Fig. 3 illustrates a case in a kind of layered approach, wherein each functional unit may include it is multiple and different Trunk ingredient, ornamental equivalent and/or determinant, and importance level can in any form, any format, any number of levels Or evaluation rule is indicated and is arranged.It wherein, can should when for playing modification or the content information that limits as subordinate clause Subordinate clause is individually extracted as a complete information unit, while labeled as the attribute of subordinate clause, according still further to above method Divide importance level.

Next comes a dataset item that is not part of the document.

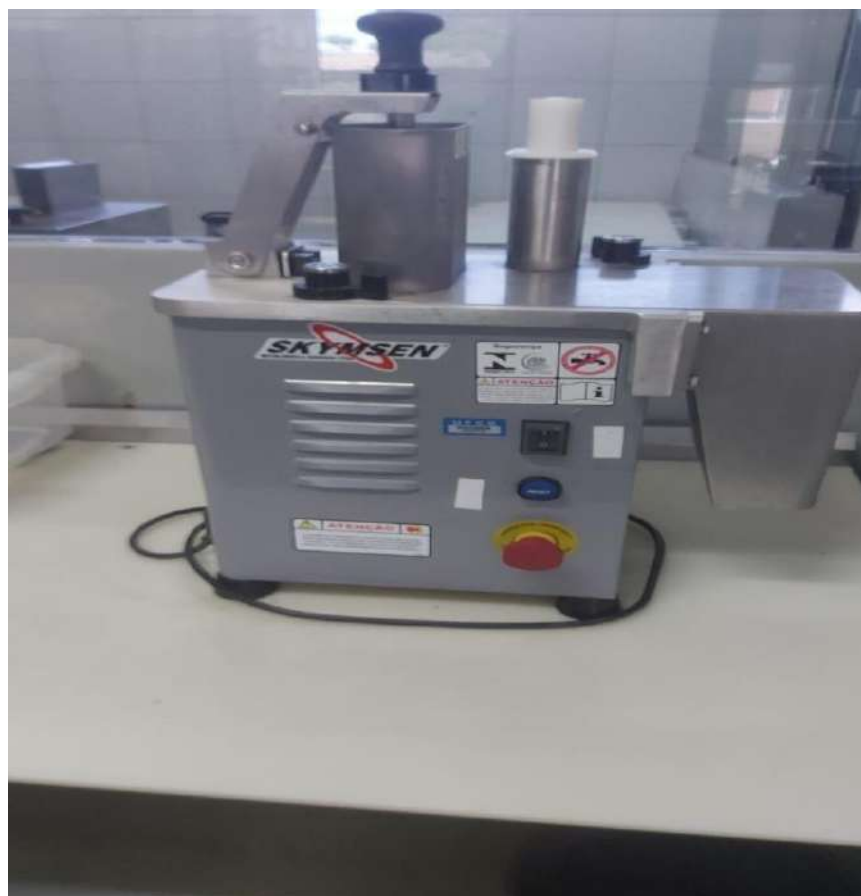
DIVERSOS USAVEIS EM COPA E COZINHA MULTIPROCESSADOR DE ALIMENTOS, PA&SENSKYMSEN. Tombo – 133712 (Não funciona, precisa de manutenção)
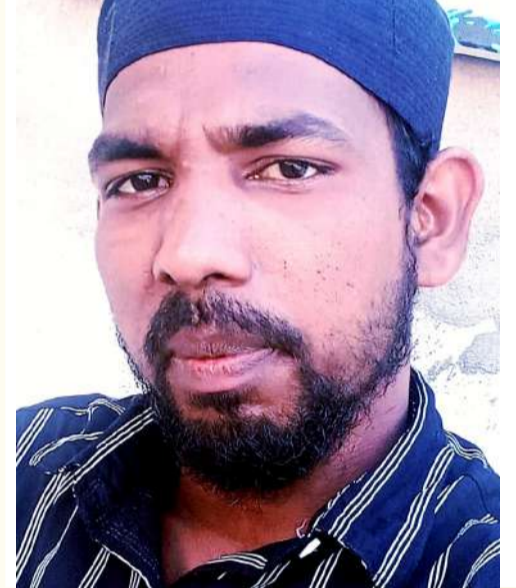
సీసీ కెమెరాల ఆధారం కరీముల్లా ను హత్య చేసిన వ్యక్తులను గుర్తించాలంటే పోలీసులు బండి అత్యకారులో

ఏర్పాటుచేసిన సీసీ కెమెరాలపైనే ఆధార పడ్డాలు ఉంటుంది. బండి అత్యకారు పోలీస్ స్టేషన్ పై భాగంలో ఉన్న కొత్త కొట్లలో కరీముల్లా నివాసం ఉంటున్నాడు. నిందితులు కరీముల్లాను హత్య చేయకముందు పోలీస్ స్టేషన్ పై నుండి కొత్తకోట్లకు వెళ్లి అతనిని తీసుకొని వెళ్ళారని తెలుస్తోంది. బండి అత్యకారు పోలీస్ స్టేషన్ లో కూడా సీసీ కెమెరాలను ఏర్పాటు చేశారు. స్టేషన్లు ఎవరు వస్తున్నారు ? ఎవరు వెళుతున్నారు? అన్న విషయాలను గుర్తించేందుకుగాను పోలీసులు స్టేషన్లో సీసీ కెమెరాల ఏర్పాటు చేశారు. కెమెరాలలోపలి భాగంలో ఉన్న కారణంగా పోలీస్ స్టేషన్లు వచ్చిపోయే వ్యక్తులు మాత్రమే కెమెరాలలో రికార్డు అవుతారు. బయట ప్రాంతంలో తిరిగి వ్యక్తులు కెమెరాలలో నమోదు కారు. పోలీస్ స్టేషన్లో కాకుండా, జ్యోతి పబ్లిక్ స్కూల్ ప్రాంతంలోనూ, బస్టాండ్ ప్రాంతంలోనూ పోలీసులు సీసీ కెమెరాల ఏర్పాటు చేశారు. ఈ కెమెరాలను పరిశీలిస్తే, నిందితులను సులభంగా గుర్తించే అవకాశం ఉంటుంది. పోలీసులు ఆ నెలకా కూడా ప్రయత్నాలు చేస్తున్నట్లుగా తెలుస్తోంది. దీని రోజుల క్రితం బండి అత్యకారుతో జరిగిన ఓ డాంగతనం కేసులో నిందితుడిని సీసీ కెమెరాల ఆధారంగానే గుర్తించి అరెస్టు చేసి రిమాండ్కు పంపడం జరిగింది.

Step S102:Establish the linked database and index centered on ultimate constituent and correlation combiner information;
It specifically includes:Respectively by number centered on the ultimate constituent and its various significant combined information setting According to flocking together information unit associated with the centre data in other documents to form linked database;Establish rope It is cited as centre data and linked database, the index between centre data and pertinent literature.With ultimate constituent and relevant group Respective linked database is formed centered on conjunction information, by the single ultimate constituent of segmentation or its arbitrary two or more The combined information of a ingredient is respectively set to centre data, by other all documents segmentation information or correlation combiner information according to It is secondary to compare, judge with the centre data, all data information real-time updates associated therewith, addition are flocked together, Form linked database.Here associated data information unit refers to that same or similar degree is two or more higher than specified threshold Data (word, word, phrase etc.).Wherein, it is identical refer to have different parts of speech, different tense, different voices same information unit; Similarity includes two or more data and/or literal meaning semantic identical but that expression is different higher than the data of specified threshold Between the degree of association be higher than specified threshold information unit.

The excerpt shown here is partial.